The set operation only appends to a list, making it constant time. The get operation performs binary search on the timestamp list for a key, which requires logarithmic time.

The space complexity is linear because every inserted value must remain stored to support historical queries.

Test Cases

# Provided example
tm = TimeMap()
tm.set("foo", "bar", 1)
assert tm.get("foo", 1) == "bar"          # exact timestamp
assert tm.get("foo", 3) == "bar"          # closest earlier timestamp

tm.set("foo", "bar2", 4)
assert tm.get("foo", 4) == "bar2"         # exact newer timestamp
assert tm.get("foo", 5) == "bar2"         # future timestamp

# Missing key
tm = TimeMap()
assert tm.get("missing", 10) == ""        # nonexistent key

# Query before first timestamp
tm = TimeMap()
tm.set("a", "x", 5)
assert tm.get("a", 1) == ""               # no earlier timestamp exists

# Multiple updates
tm = TimeMap()
tm.set("k", "v1", 1)
tm.set("k", "v2", 2)
tm.set("k", "v3", 3)

assert tm.get("k", 1) == "v1"             # first value
assert tm.get("k", 2) == "v2"             # middle value
assert tm.get("k", 3) == "v3"             # latest exact match
assert tm.get("k", 100) == "v3"           # latest historical value

# Different keys
tm = TimeMap()
tm.set("a", "apple", 1)
tm.set("b", "banana", 2)

assert tm.get("a", 2) == "apple"          # independent key lookup
assert tm.get("b", 2) == "banana"

# Large timestamp gap
tm = TimeMap()
tm.set("gap", "start", 1)
tm.set("gap", "end", 10000000)

assert tm.get("gap", 5000000) == "start"  # large search range
assert tm.get("gap", 10000000) == "end"
Test Why
Provided example Validates standard behavior
Missing key Ensures nonexistent keys return empty string
Query before first timestamp Verifies lower-bound edge handling
Multiple updates Tests binary search correctness
Different keys Confirms hash map separation
Large timestamp gap Ensures timestamps themselves do not affect correctness

Edge Cases

One important edge case occurs when querying a key that has never been inserted. A naive implementation might attempt to binary search an empty list or access missing data, causing runtime errors. The implementation avoids this by checking whether the key exists in the hash map before searching.
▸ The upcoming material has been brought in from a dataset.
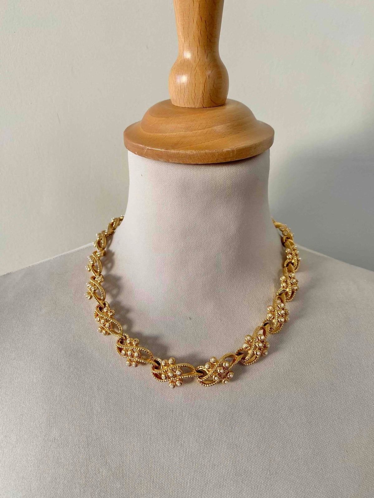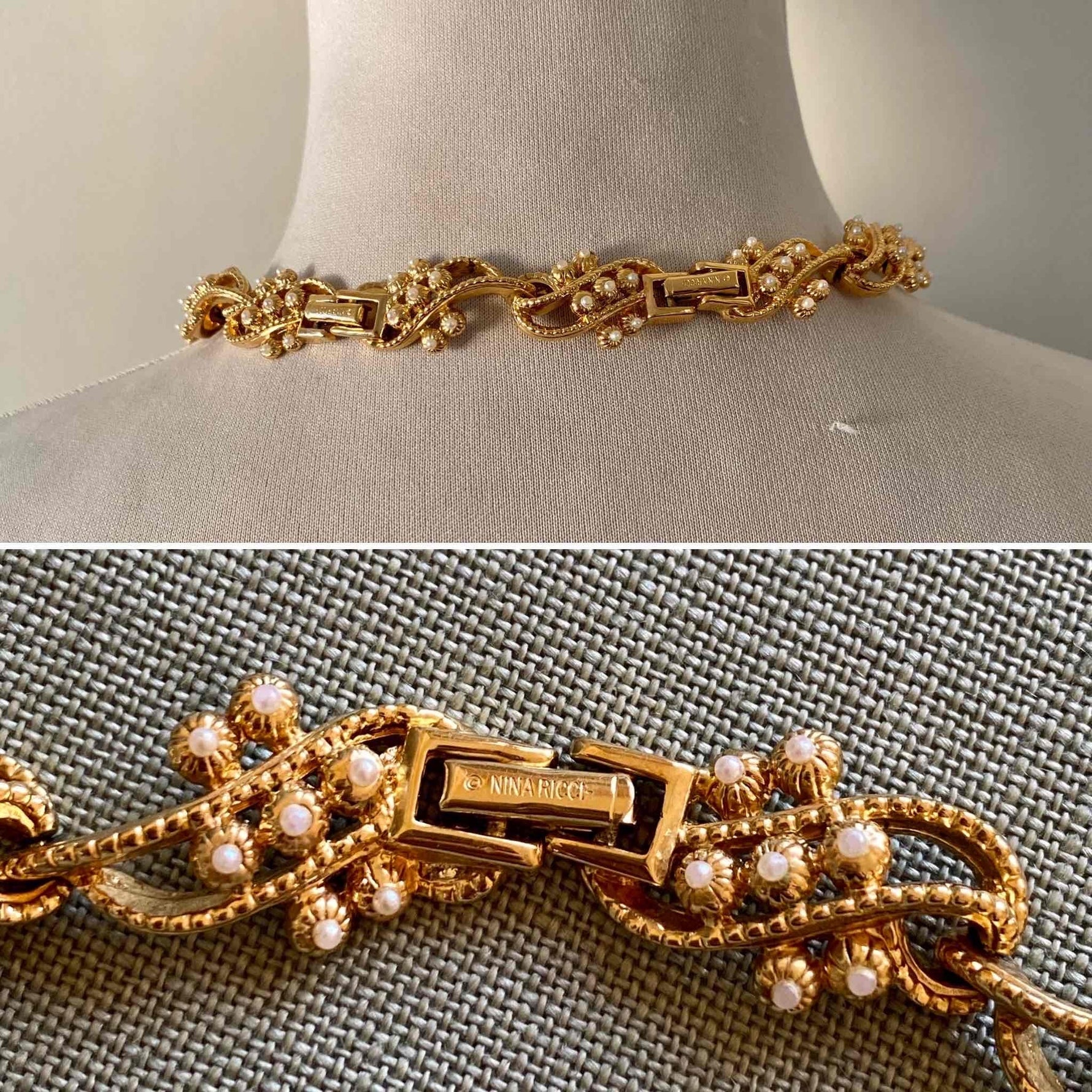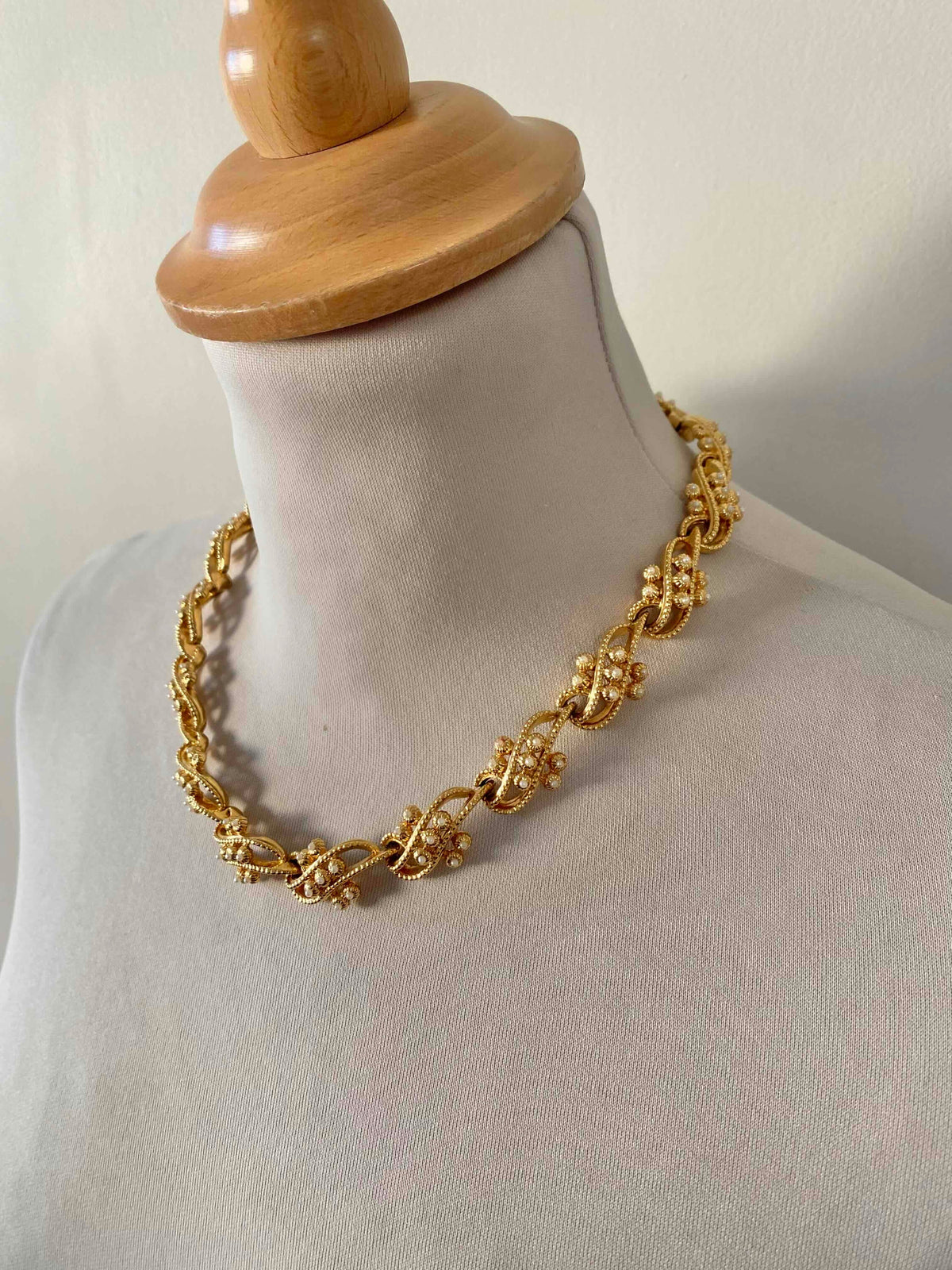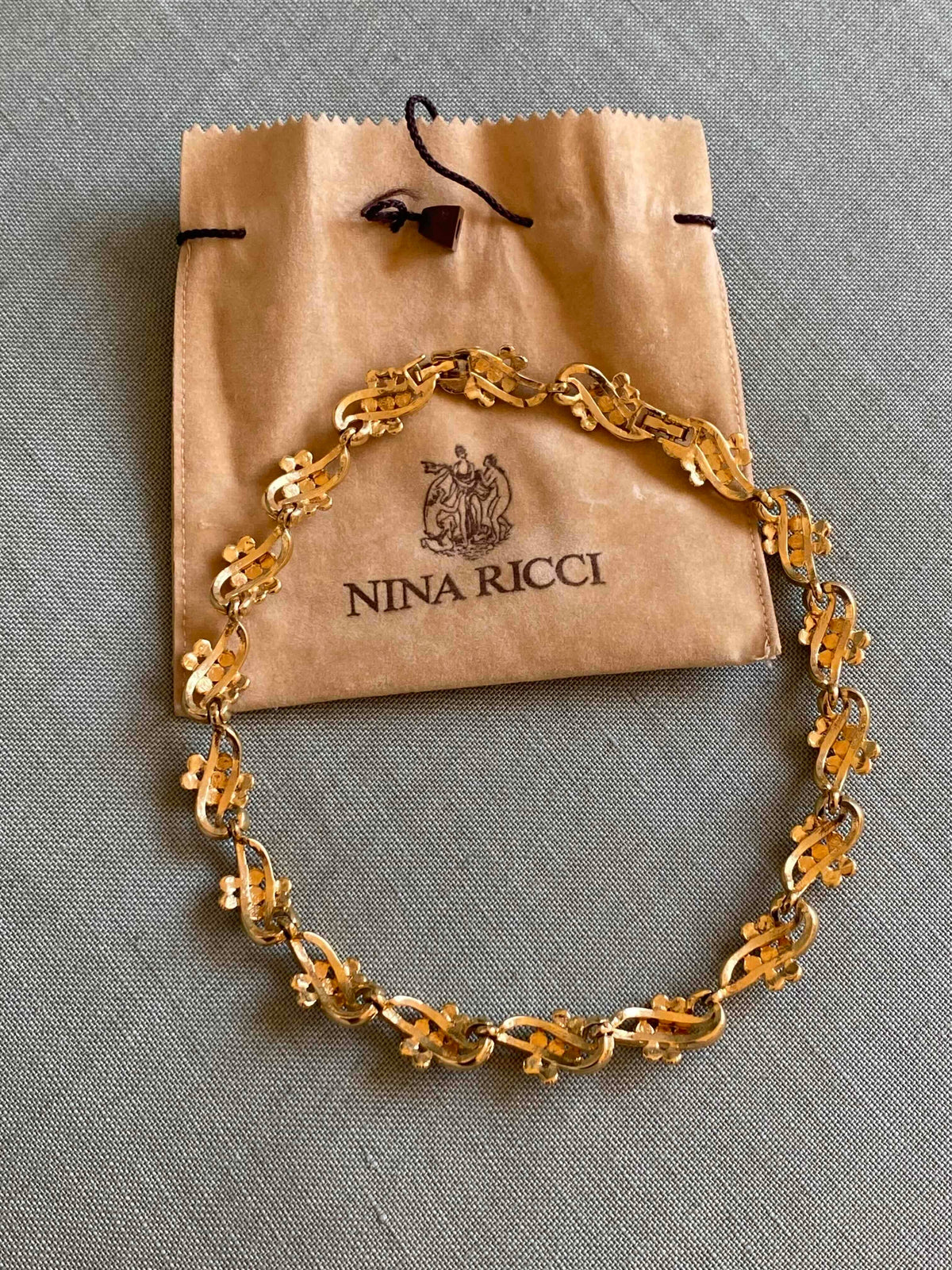 Prix unitaire parCollier filigrané Nina Ricci, ras de cou, en plaqué or et minis perles nacrées, motifs maillons fils torsadés fleuris, deux fermoir gravés Nina Ricci, fabriqué en France, longueur 42cm.
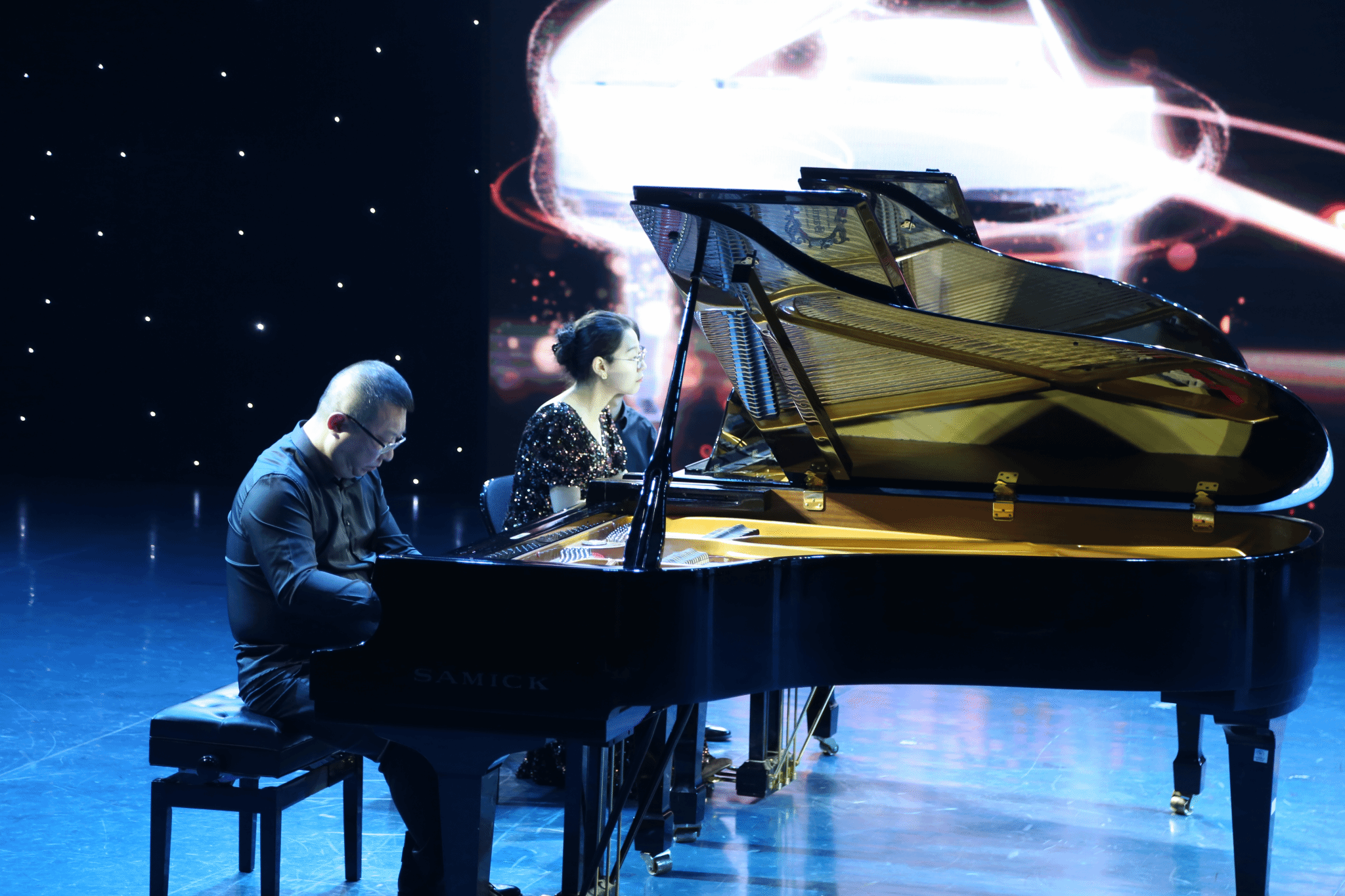 哈尔滨音乐学院方弋教授和他的2022级研究生刘婧璠演奏了柴可夫斯基的《第一钢琴协奏曲》和中国钢琴协奏曲《保卫黄河》,激昂的旋律、磅礴的气势将听众们带入充满情感与力量的音乐世界。

Another critical edge case is querying a timestamp earlier than the first stored timestamp. For example, if the earliest value for a key is stored at timestamp 5, then querying timestamp 2 should return an empty string. The binary search naturally handles this because no valid timestamp less than or equal to the target is ever found, so the answer variable remains empty.

A third subtle edge case involves querying between two stored timestamps. Suppose values exist at timestamps 1 and 10, and we query timestamp 7. The algorithm must return the value from timestamp 1, not fail because there is no exact match. This is why the binary search searches for the rightmost timestamp less than or equal to the target instead of only checking for equality.

Another potential source of bugs is maintaining sorted order. Many binary search solutions fail if the underlying data is not sorted. This problem guarantees strictly increasing timestamps for set operations, allowing append-only insertion while preserving sorted order automatically.